» Instructions for the task
Each entry should be returned exactly as written, with no pictures carried over.

» Raw data
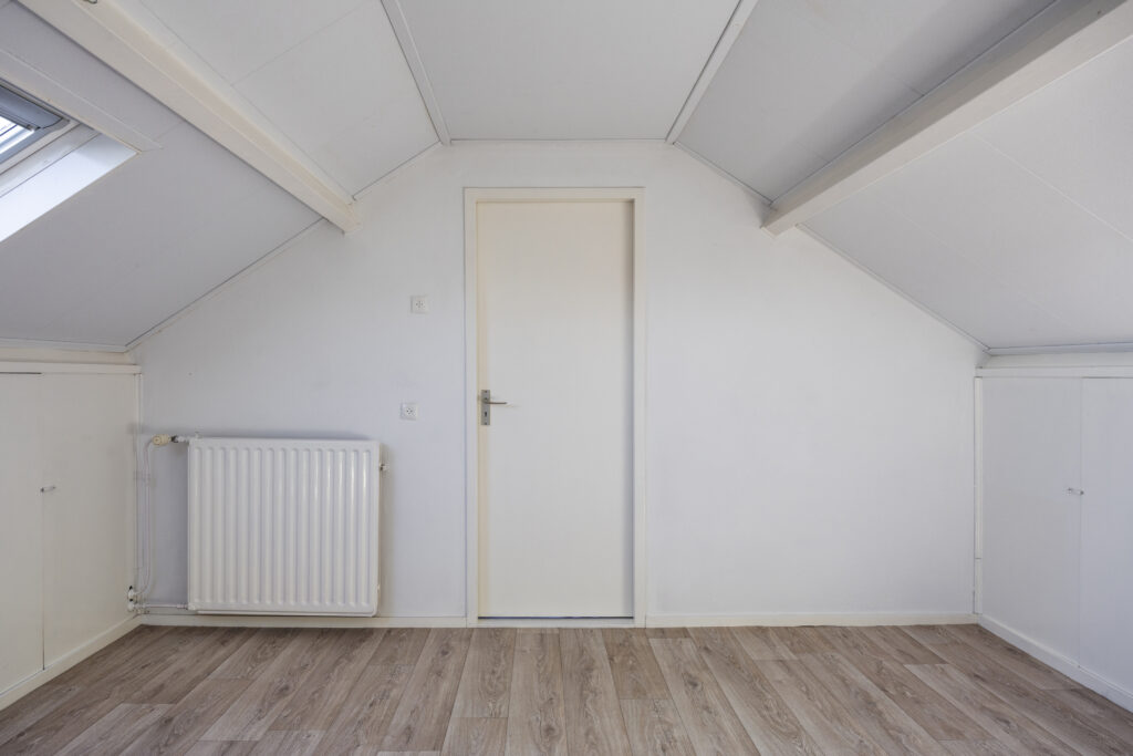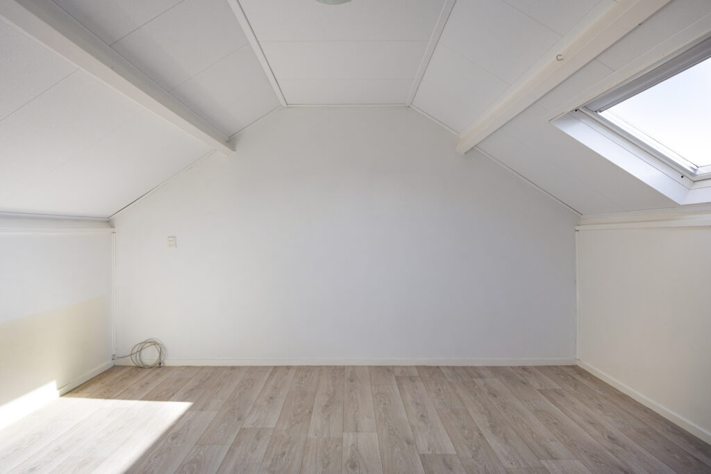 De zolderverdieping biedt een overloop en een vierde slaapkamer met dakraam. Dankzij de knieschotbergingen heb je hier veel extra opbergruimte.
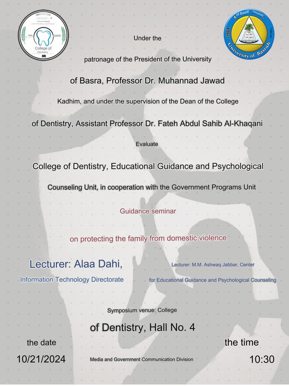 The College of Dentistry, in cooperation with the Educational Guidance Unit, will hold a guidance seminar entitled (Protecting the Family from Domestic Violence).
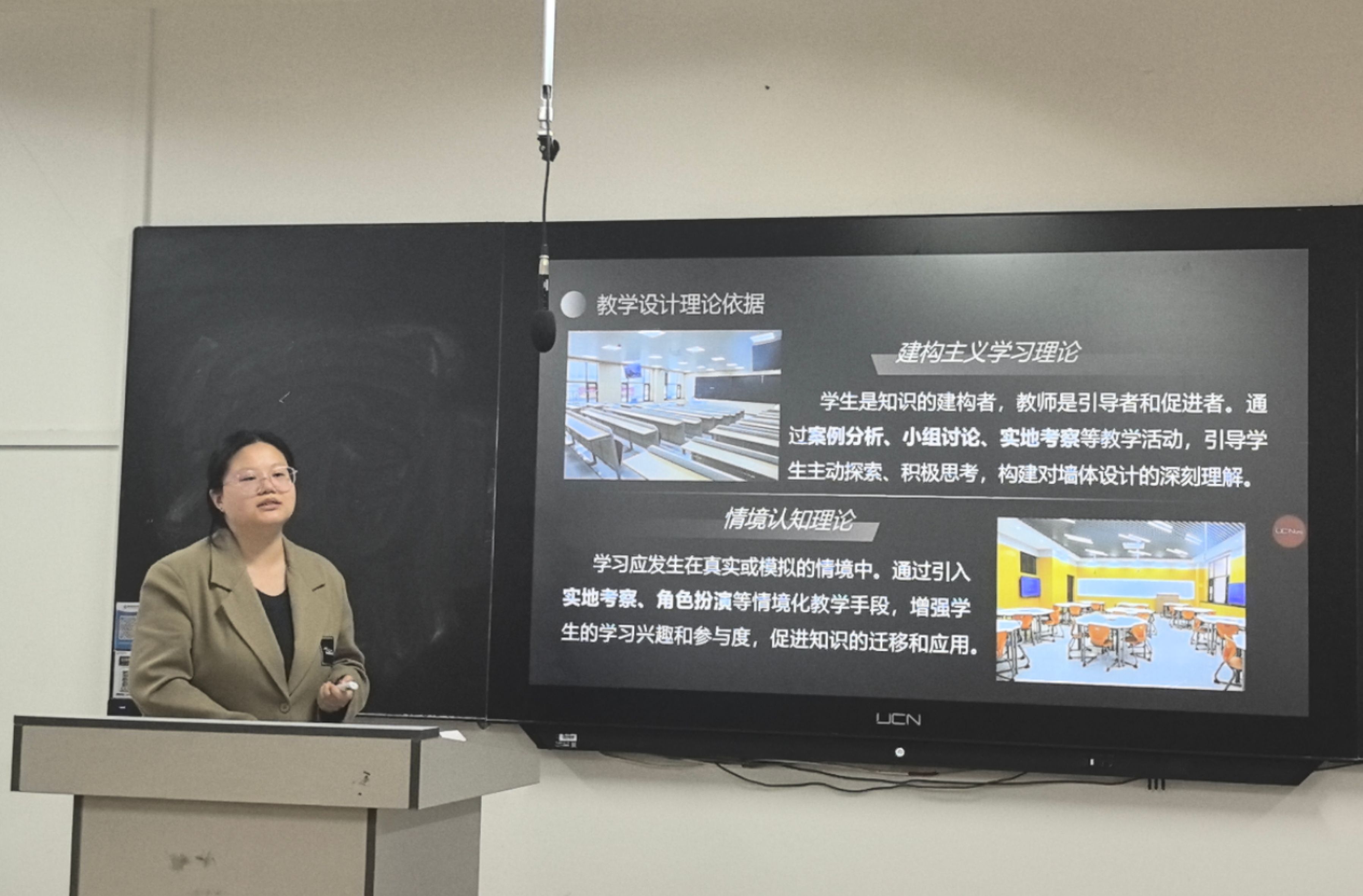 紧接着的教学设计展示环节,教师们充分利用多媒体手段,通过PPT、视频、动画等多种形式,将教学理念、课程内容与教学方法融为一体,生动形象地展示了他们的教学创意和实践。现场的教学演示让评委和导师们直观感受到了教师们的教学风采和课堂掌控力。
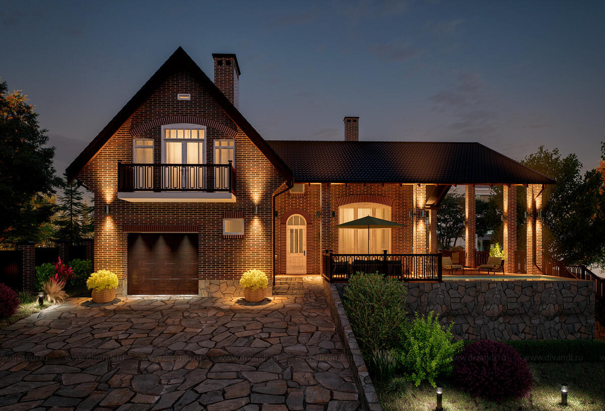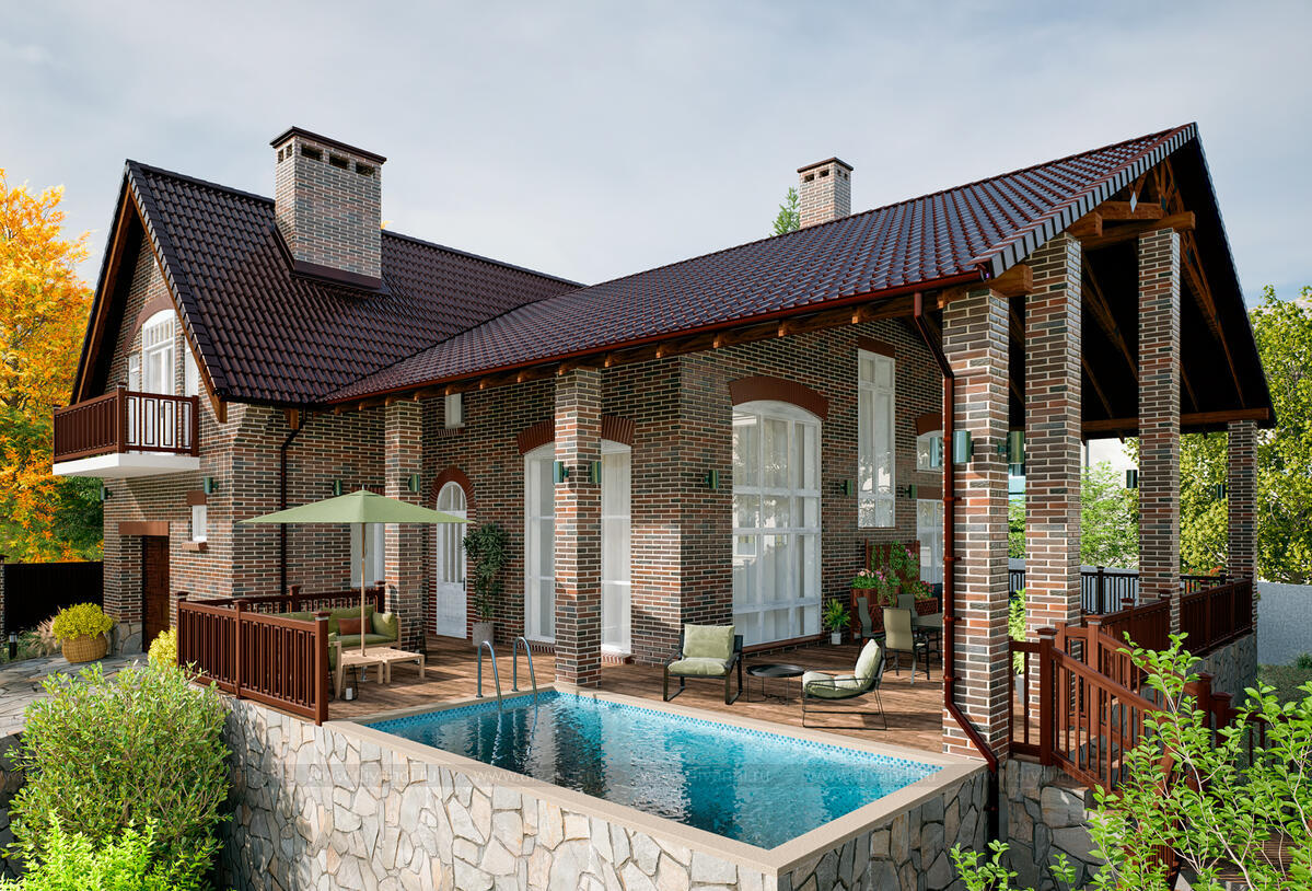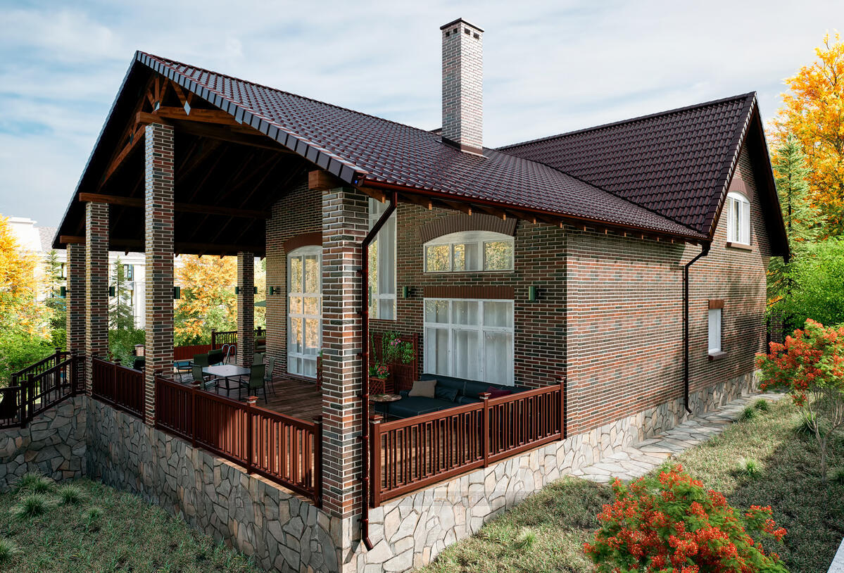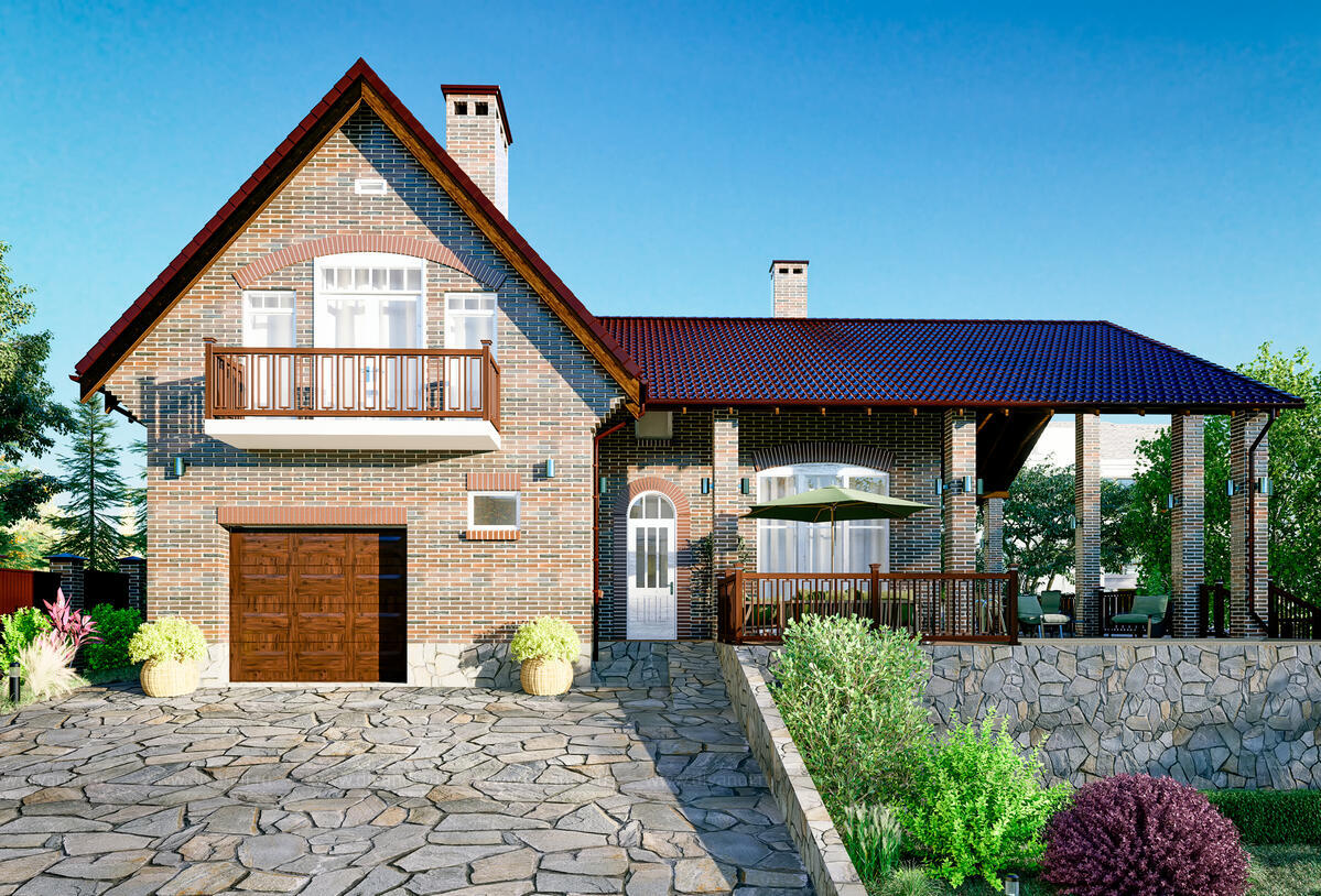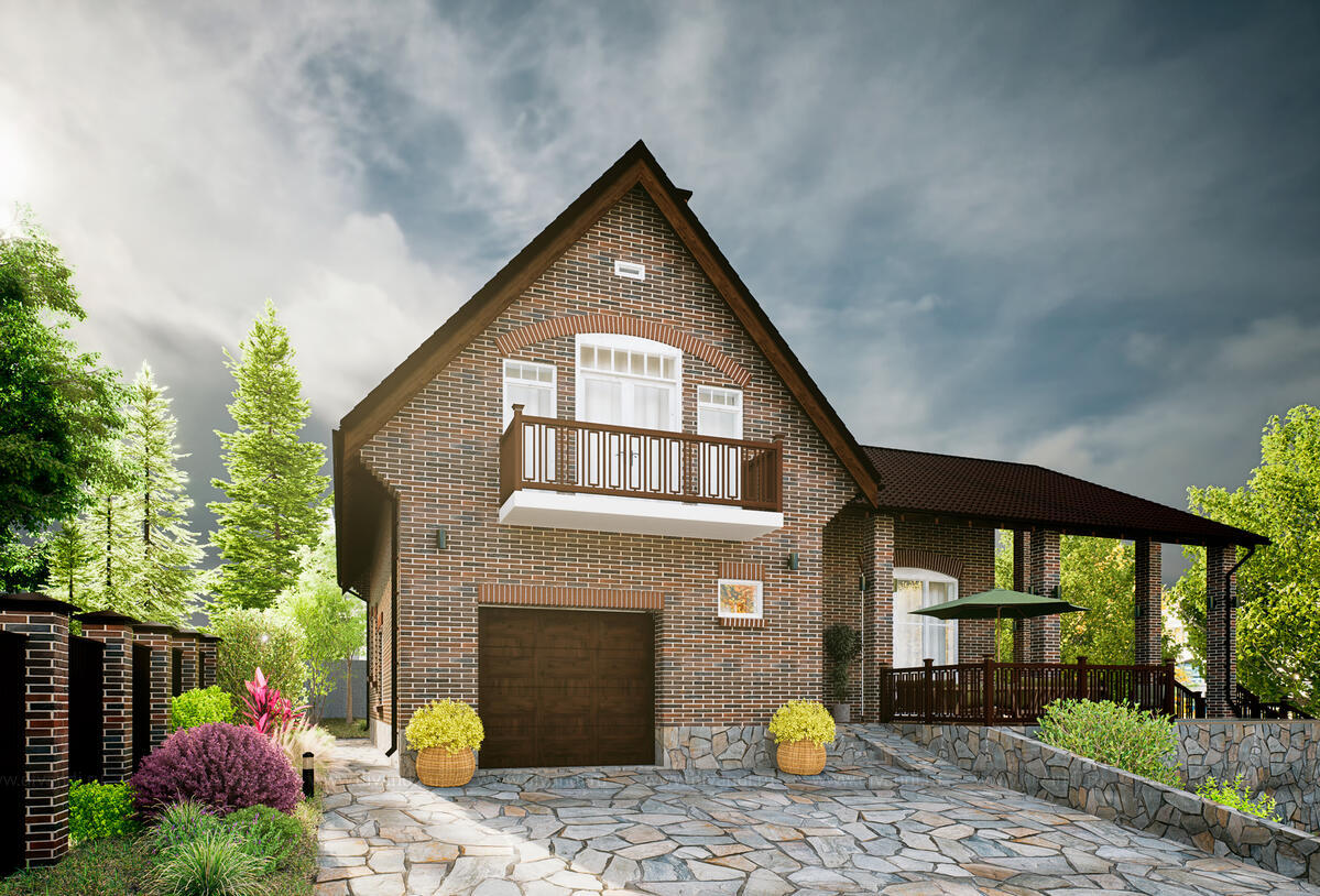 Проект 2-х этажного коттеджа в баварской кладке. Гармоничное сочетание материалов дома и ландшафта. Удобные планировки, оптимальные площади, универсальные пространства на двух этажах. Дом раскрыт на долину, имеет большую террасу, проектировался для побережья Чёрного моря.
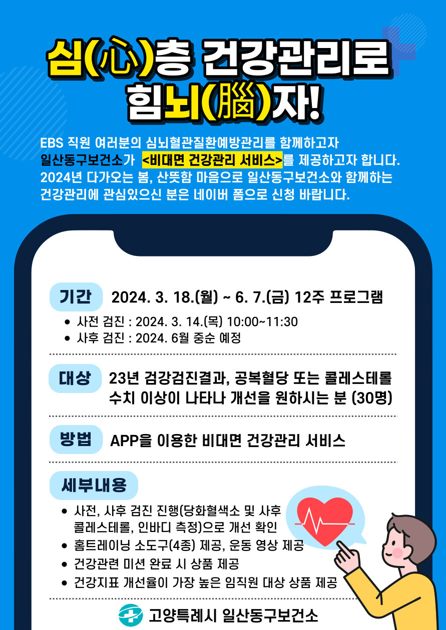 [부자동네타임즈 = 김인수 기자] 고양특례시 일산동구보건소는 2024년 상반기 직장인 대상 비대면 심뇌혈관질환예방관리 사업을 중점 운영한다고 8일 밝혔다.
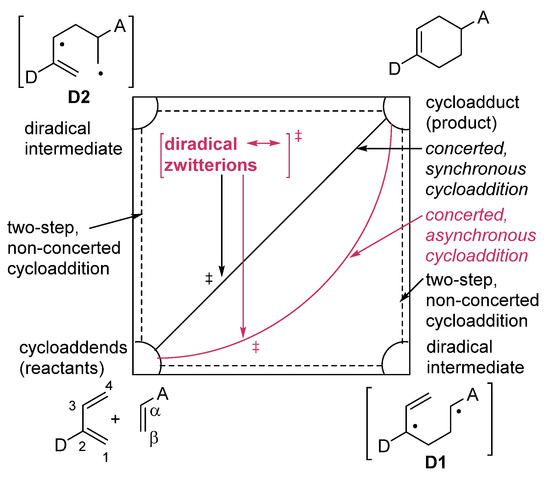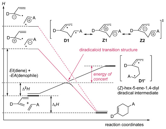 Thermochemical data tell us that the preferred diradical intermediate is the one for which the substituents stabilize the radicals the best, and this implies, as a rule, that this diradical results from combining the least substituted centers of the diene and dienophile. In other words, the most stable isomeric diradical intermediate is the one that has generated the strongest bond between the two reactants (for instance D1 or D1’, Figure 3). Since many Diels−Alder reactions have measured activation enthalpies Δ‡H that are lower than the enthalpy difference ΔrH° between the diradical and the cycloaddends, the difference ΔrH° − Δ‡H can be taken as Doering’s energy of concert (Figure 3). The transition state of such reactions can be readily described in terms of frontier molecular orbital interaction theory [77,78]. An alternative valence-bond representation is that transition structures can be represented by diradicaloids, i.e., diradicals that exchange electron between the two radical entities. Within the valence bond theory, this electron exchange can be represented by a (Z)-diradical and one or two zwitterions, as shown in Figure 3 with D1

» Solution for this exercise
 De zolderverdieping biedt een overloop en een vierde slaapkamer met dakraam. Dankzij de knieschotbergingen heb je hier veel extra opbergruimte.
 The College of Dentistry, in cooperation with the Educational Guidance Unit, will hold a guidance seminar entitled (Protecting the Family from Domestic Violence).
 紧接着的教学设计展示环节,教师们充分利用多媒体手段,通过PPT、视频、动画等多种形式,将教学理念、课程内容与教学方法融为一体,生动形象地展示了他们的教学创意和实践。现场的教学演示让评委和导师们直观感受到了教师们的教学风采和课堂掌控力。
 Проект 2-х этажного коттеджа в баварской кладке. Гармоничное сочетание материалов дома и ландшафта. Удобные планировки, оптимальные площади, универсальные пространства на двух этажах. Дом раскрыт на долину, имеет большую террасу, проектировался для побережья Чёрного моря.
 [부자동네타임즈 = 김인수 기자] 고양특례시 일산동구보건소는 2024년 상반기 직장인 대상 비대면 심뇌혈관질환예방관리 사업을 중점 운영한다고 8일 밝혔다.
 Thermochemical data tell us that the preferred diradical intermediate is the one for which the substituents stabilize the radicals the best, and this implies, as a rule, that this diradical results from combining the least substituted centers of the diene and dienophile. In other words, the most stable isomeric diradical intermediate is the one that has generated the strongest bond between the two reactants (for instance D1 or D1’, Figure 3). Since many Diels−Alder reactions have measured activation enthalpies Δ‡H that are lower than the enthalpy difference ΔrH° between the diradical and the cycloaddends, the difference ΔrH° − Δ‡H can be taken as Doering’s energy of concert (Figure 3). The transition state of such reactions can be readily described in terms of frontier molecular orbital interaction theory [77,78]. An alternative valence-bond representation is that transition structures can be represented by diradicaloids, i.e., diradicals that exchange electron between the two radical entities. Within the valence bond theory, this electron exchange can be represented by a (Z)-diradical and one or two zwitterions, as shown in Figure 3 with D1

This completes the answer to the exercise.